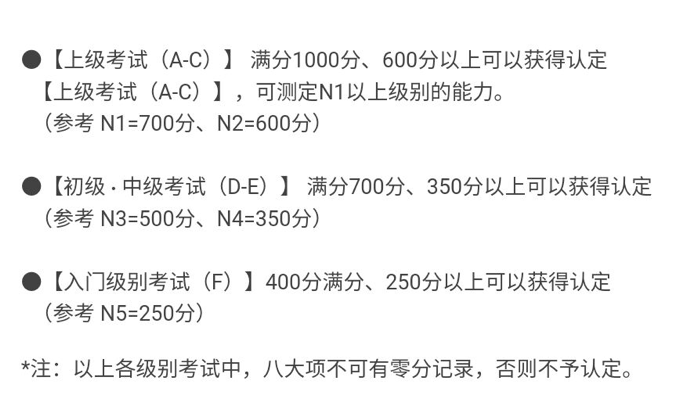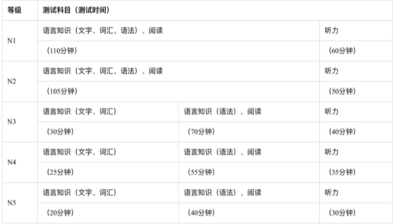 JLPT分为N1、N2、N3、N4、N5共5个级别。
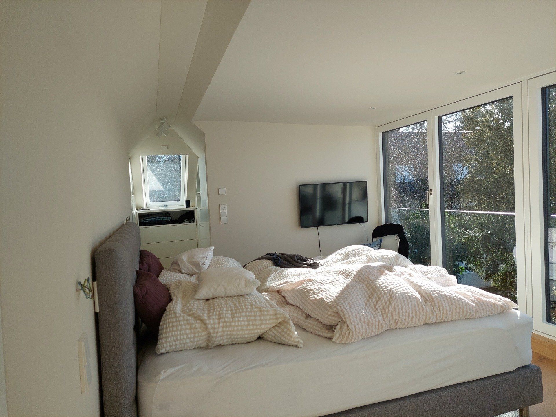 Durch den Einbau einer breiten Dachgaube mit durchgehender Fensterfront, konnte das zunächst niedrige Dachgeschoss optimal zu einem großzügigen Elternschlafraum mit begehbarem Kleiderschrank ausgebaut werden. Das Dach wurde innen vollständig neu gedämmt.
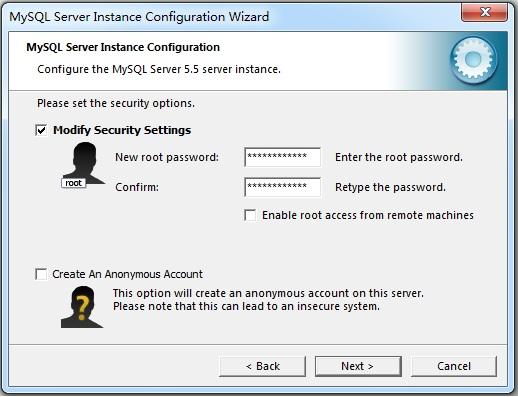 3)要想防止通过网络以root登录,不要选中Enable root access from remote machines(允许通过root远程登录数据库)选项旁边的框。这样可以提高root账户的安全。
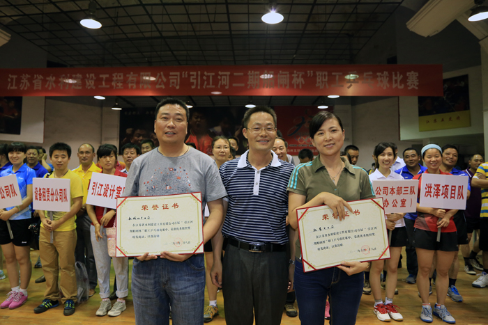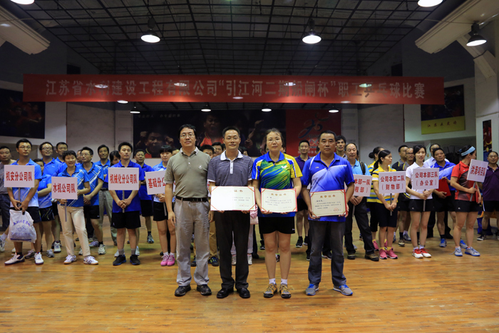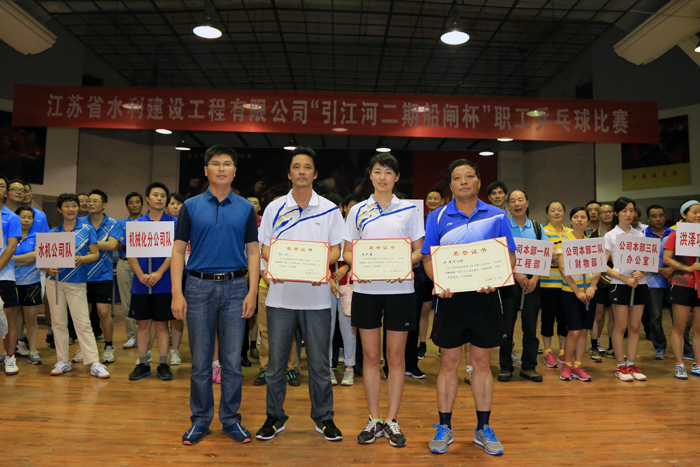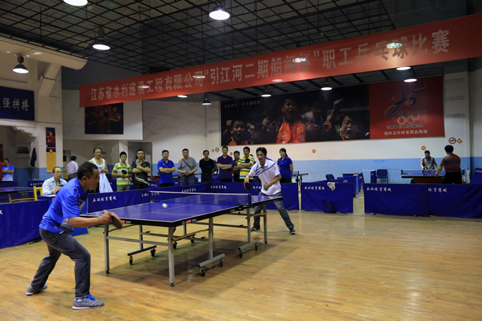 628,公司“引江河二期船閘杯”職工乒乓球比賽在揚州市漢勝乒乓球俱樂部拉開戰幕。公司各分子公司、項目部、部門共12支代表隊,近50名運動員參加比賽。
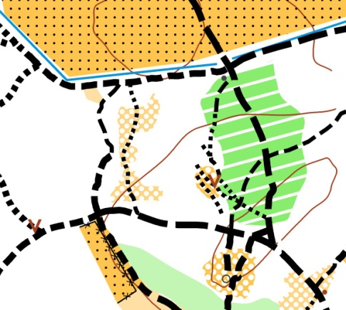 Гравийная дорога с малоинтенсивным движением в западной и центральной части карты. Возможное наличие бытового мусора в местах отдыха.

**Work order**
The reply should repeat the data in full, exactly as given, and contain no pictures.

**The completed task**
 JLPT分为N1、N2、N3、N4、N5共5个级别。
 Durch den Einbau einer breiten Dachgaube mit durchgehender Fensterfront, konnte das zunächst niedrige Dachgeschoss optimal zu einem großzügigen Elternschlafraum mit begehbarem Kleiderschrank ausgebaut werden. Das Dach wurde innen vollständig neu gedämmt.
 3)要想防止通过网络以root登录,不要选中Enable root access from remote machines(允许通过root远程登录数据库)选项旁边的框。这样可以提高root账户的安全。
 628,公司“引江河二期船閘杯”職工乒乓球比賽在揚州市漢勝乒乓球俱樂部拉開戰幕。公司各分子公司、項目部、部門共12支代表隊,近50名運動員參加比賽。
 Гравийная дорога с малоинтенсивным движением в западной и центральной части карты. Возможное наличие бытового мусора в местах отдыха.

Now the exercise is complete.